The total debt for nonfinancial US companies rated investment-grade by S&P Global Ratings retreated from a record high set in the first quarter,.

The combined debt among investment-grade and non-investment-grade companies dropped to $8.432 trillion in the second quarter, from $8.517 trillion a quarter earlier. Investment-grade companies trimmed debt by about 0.9% to $6.610 trillion, while companies rated below BBB- by S&P Global Ratings cut debt by about 1.2% to $1.822 trillion, according to S&P Global Market Intelligence data.

Corporate debt levels declined in the second quarter even as benchmark interest rates held steady from April through June. However, market watchers have increasingly heightened their expectations for the US Federal Reserve to begin lowering rates by the end of this year. The Fed’s approach is likely to be guided by recent trends in US employment data, although cooling inflation remains above the 2% target level.

Debt by sector

Although there was a cumulative drop in total debt among US investment-grade companies, debt actually grew in seven out of 10 nonfinancial sectors during the second quarter. Companies in the energy sector saw the largest jump in total debt with a 4.1% increase to $502.03 billion.

The rise in debt among investment-grade companies in most sectors was largely offset by a 12.7%, or $98.87 billion, decrease in debt within the information technology sector.

Meanwhile, among non-investment-grade companies, debt declined in eight of the 10 sectors, led by a 7.7% fall at consumer staples companies.

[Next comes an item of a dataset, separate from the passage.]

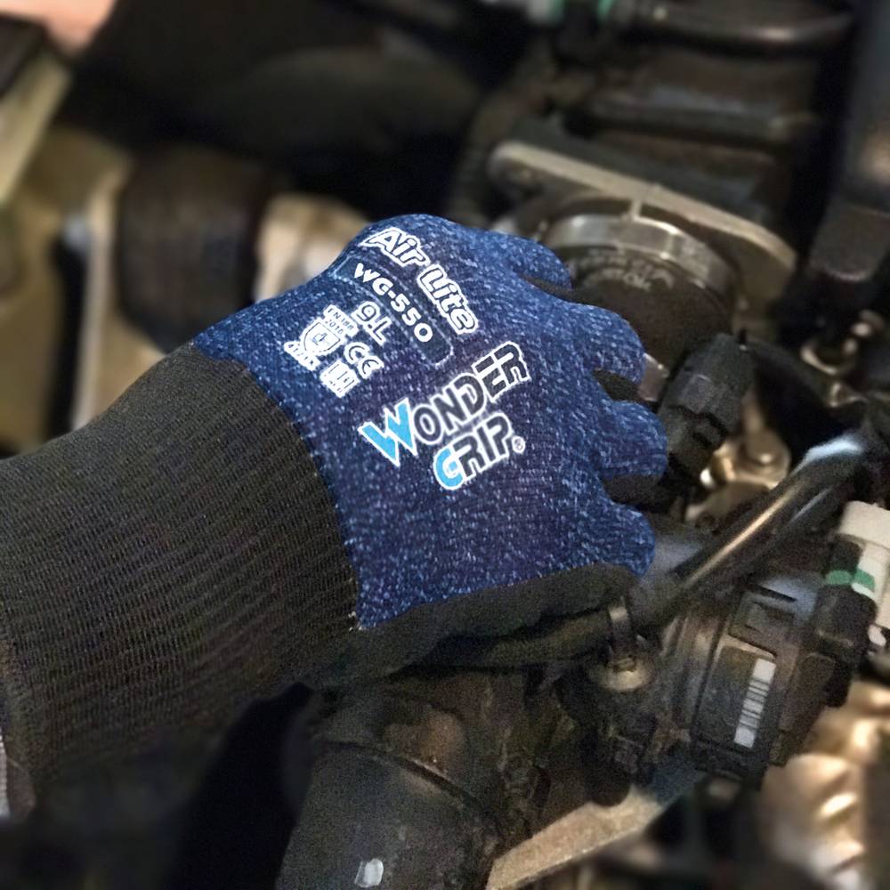 Wondergrip, DIN EN388:2016 Cat II (4.1.3.1.X), atmungsaktiv, nahtloses Strickgewebe, keine Latexproteine, hervoragende Beständigkeit, gegen Öl, Fett und Kohlenwasserstoff, hohe Abriebfestigkeit, einmal getauchte Nitril-Schaum-Beschichtung kombiniert mit Nylon und Polyester sorgen für einen rundherum atmungsaktiven Handschuh, der vor allem für präzise Arbeiten in trockener Umgebung konzipiert wurde. Material: Nylon- und Polyester-Gewebe mit Nitril-Schaum-Beschichtung, Farbe: blau meliert Auslaufartikel, Polybeutel, Größe 7 / S

Total debt only rose in the healthcare and energy sectors.

Debt-to-EBITDA ratio

Debt as a share of EBITDA eased alongside the drop in total debt for both investment-grade and speculative-grade companies. From the first quarter to the second quarter, the median debt-to-EBITDA ratio fell to 2.58 from 2.77 for investment-grade companies and to 3.57 from 4.01 for lower-rated companies, according to Market Intelligence data.

Among investment-grade companies, the median debt-to-EBITDA ratio slid for eight of the 10 nonfinancial sectors. Only the ratio of the communication services and utilities sectors increased.

The utilities sector recorded the highest percentage jump in the median debt-to-EBITDA ratio among investment-grade and speculative-grade companies from the first quarter to the second quarter, with the metric rising 18.8% and 16.6%, respectively.

Declines in the median debt-to-EBITDA ratio were led by the materials sector in the investment-grade category, with a 23.4% decrease to 1.91, and by the consumer staples sector in the non-investment-grade category, with a 20.1% drop to 3.26.